Friday, August 24, 2007

Natalie and Willy

There's been much talk around the Dixon abode lately of adding a dog to the mix. Not sure, think Natalie would enjoy one?

Natalie and Willy Woo

Likely we'll get a Shih Tzu, Dean grew up with them and loves them. And since he puts up with the lovely felineness of Ezzy, I guess it's only fair that he select the next pet. My only question is, how do you have a dog w/out a backyard fence? We don't have one, which has been a bit strange for me with this house, as everyone in CA has fences. It seems so public in your backyard to not have one.

But since it's summer and ridiculously hot, if I'm outside, I'm on the lanai in the safety of the cool pool and giant screened cage to keep the bugs out. So it hasn't really been an issue. But I can't imagine having a dog without a fence, you know? Not if we want to stay friends with our neighbors anyway. So I think we'll have another project to add to the house list soon. Now tell me, do you ever, as a homeowner go a good long stretch without having to spend money on the house?

Tuesday, August 21, 2007

Beware, Florida Living

Think you had a crazy morning?

I got up early with Natalie this morning, enjoyed some playtime and then settled her down to some Raisin Bran and Sesame Street so I could take a shower. I head into our guest bathroom for a quick break before showering and am "greeted" by something I never thought I'd see. As I open the toilet seat, something moves. Let me say that again... SOMETHING IS MOVING IN MY TOILET!!


I proceed to scream and generally freak out and am immobilized by shock as I see two eyes looking back at me, in my toilet. As the shock fades, I realize it's a goddamn FROG in my toilet. Not a tiny frog either, but a healthy-size one (for the toilet anyway) at 2-3 inches in diameter. And while I am standing there, I'm sure my mouth gaping, the frog is freaking out as well. Those eyes are wide and he (she?) is kicking and splashing spasmodically and I realize in horror that he might jump out. At which point I slam the seat down.

What to do now?

I open it again to make sure I'm not crazy and he's still looking at me!! Arrgh! So I run to grab Dean. Clearly, this is a man's job. He's still in bed and I tell him he has to come see something, right now. He gets a slightly worried look and is asking me what it is and I just say "no, you have to see this" and lead him into the bathroom. I tell him to open the toilet seat. He gives me that look that says "uh-oh", opens the lid and sees... nothing. The frog is gone. My lovely husband then asks me if I'm sure I saw a frog. I think my look answered that question.
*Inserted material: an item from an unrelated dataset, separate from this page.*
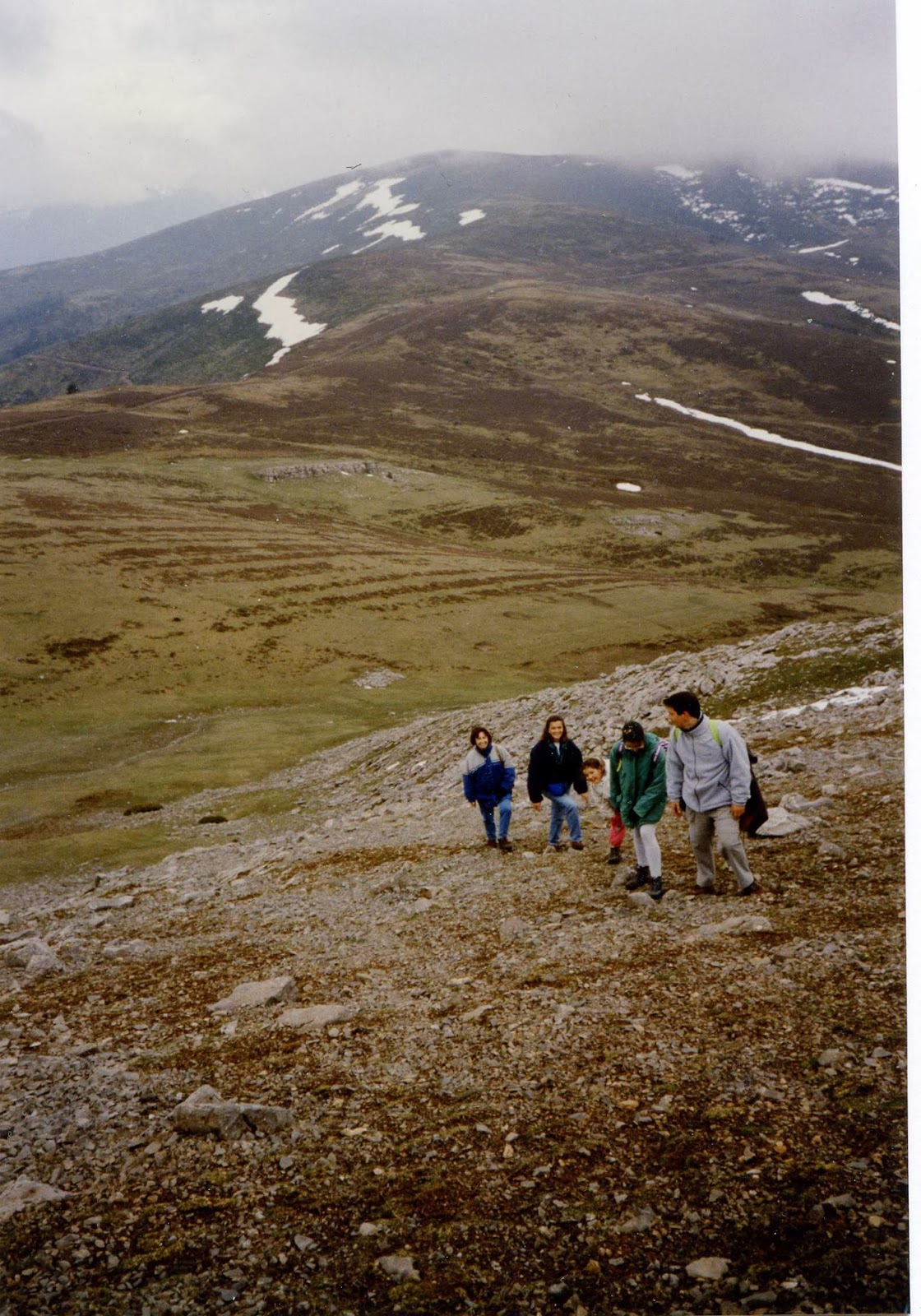 Ideal para iniciar a los peques en el monte o ir en familia, el Cabezo del Santo es una protuberancia muy curiosa en medio del marasmo de valles y lomas del Camero Nuevo. Fuimos allí en 7 de abril de 1996 invitados por Ernesto Reiner, y es un placer escanear las fotos y animar a hacer o repetir esta bonita salida montañera que no tiene pérdida: se deja el coche en el puerto de Peña Hincada (1.412 m), se echa a andar por la pista que sale en dirección sur y que va más o menos a cota o ascendiendo suavemente hasta ver la mole del Cabezo al fondo a la derecha. Y cuando se llega debajo del cono final de piedra (5 km desde la salida), pues para arriba (1.854). En total 6,5 km y 442 m de ascensión. La última parte de la subida sobre pedruscos sueltos tiene incluso sabor de alta montaña. O sea que, ideal para que la chiquillería se vaya haciendo una idea de lo que hay por allí arriba.

Then, he starts looking around the bathroom, asking if it got out. I panic for a second and then realize no, while he appeared basketball size in my horror, I know he was too small to force open the lid. So I tell Dean to look in the basin. Still nothing. So, Dean flushes the toilet, nothing happens and that is it. I'm feeling slightly remorseful at this point, wondering if the flush killed the frog, but really, I'm more afraid he's still in the piping waiting to make another appearance.
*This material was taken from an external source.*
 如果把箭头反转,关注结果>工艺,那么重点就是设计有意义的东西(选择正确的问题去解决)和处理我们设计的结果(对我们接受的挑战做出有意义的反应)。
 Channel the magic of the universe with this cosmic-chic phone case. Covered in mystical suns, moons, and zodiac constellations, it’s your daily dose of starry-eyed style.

Of course, this brings up memories of my childhood when I heard about a lady in Texas who got bitten while peeing when a snake came up the toilet. I had serious fears about this for months after... always checking for snakes in our toilet in California. Nice to have finally gotten over that only to be re-traumatized through finding a frog in my own toilet.

So let's just say, the lids on the toilets will remain closed in the house moving forward. I will likely not use the guest bathroom for awhile. I even had to flush first when using the other bathroom because in my freaked out state, I wondered if the pipes were connected. Oh, and all this is happening as we are on the brink of potty training Natalie. Nice.

So, when you come to visit, look before you pee and if you leave the seat up, I'm going to kick you out of my house.